Now clone the repository and cd into the directory with all the %Y_%m_%d_%H.txt files and run the following script to fill the table:

loadData.sh

#!/bin/bash

for file in data/*.txt
do
	#echo $file
		
	cat $file | while read temperature; do
		id=${file##*/}
		id=${id%.txt}
		arr=($(echo $id | awk -F '_' '{print $1, $2, $3, $4}' ))
		year=${arr[0]}
		month=${arr[1]}
		day=${arr[2]}
		hour=${arr[3]}
		echo "USE weather_data;INSERT INTO temperature_waterloo (YEAR,MONTH,DAY,HOUR,TEMPERATURE,ID) VALUES ($year, $month, $day, $hour, $temperature,'$id');"
	done | sudo mysql 

done

and run ./loadData.sh.
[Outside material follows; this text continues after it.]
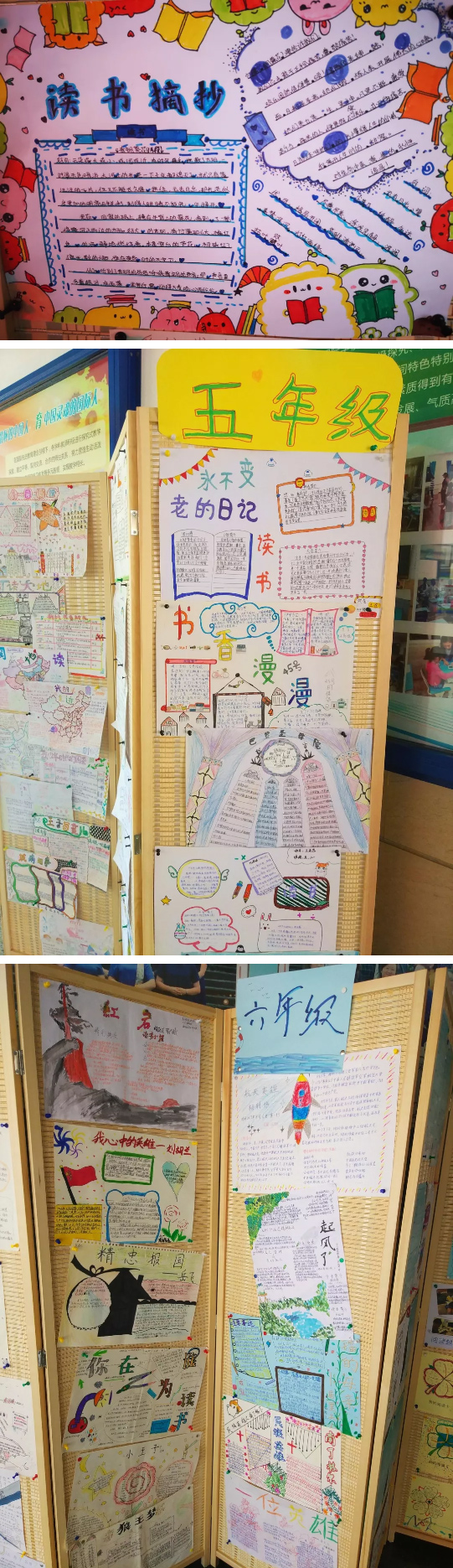 四、五、六年級同學辦的讀書小報色彩鮮艷,內容豐富,創意無限。

Now we have the data loaded and can run some queries:

$ sudo mysql;
mysql> USE weather_data;
mysql> SELECT COUNT(*) FROM temperature_waterloo;
+----------+
| COUNT(*) |
+----------+
|      900 |
+----------+
mysql>

mysql> SELECT * FROM  (SELECT * FROM temperature_waterloo WHERE ID = (SELECT MAX(ID) FROM temperature_waterloo))xxx;
+------+-------+-----+------+-------------+---------------+
| YEAR | MONTH | DAY | HOUR | TEMPERATURE | ID            |
+------+-------+-----+------+-------------+---------------+
| 2018 |     3 |   1 |   18 |         1.5 | 2018_03_01_18 |
+------+-------+-----+------+-------------+---------------+
mysql> SELECT * FROM  (SELECT * FROM temperature_waterloo WHERE ID = (SELECT MIN(ID) FROM temperature_waterloo))xxx;
+------+-------+-----+------+-------------+---------------+
| YEAR | MONTH | DAY | HOUR | TEMPERATURE | ID            |
+------+-------+-----+------+-------------+---------------+
| 2017 |     7 |  19 |   18 |        28.6 | 2017_07_19_18 |
+------+-------+-----+------+-------------+---------------+

The scraper ran from 2017/07/19 18:00 to 2018/03/01 18:00. Using similar queries we find the max temperature in this time period was 30.3 celcius and min temperature was -28.5. You can obviously do more complicated stuff with more interesting scraped data sets. This post was meant to show an ad-hoc way of scraping data that will remove the task of writing the scraper and will just let you focus on the data you are interested in.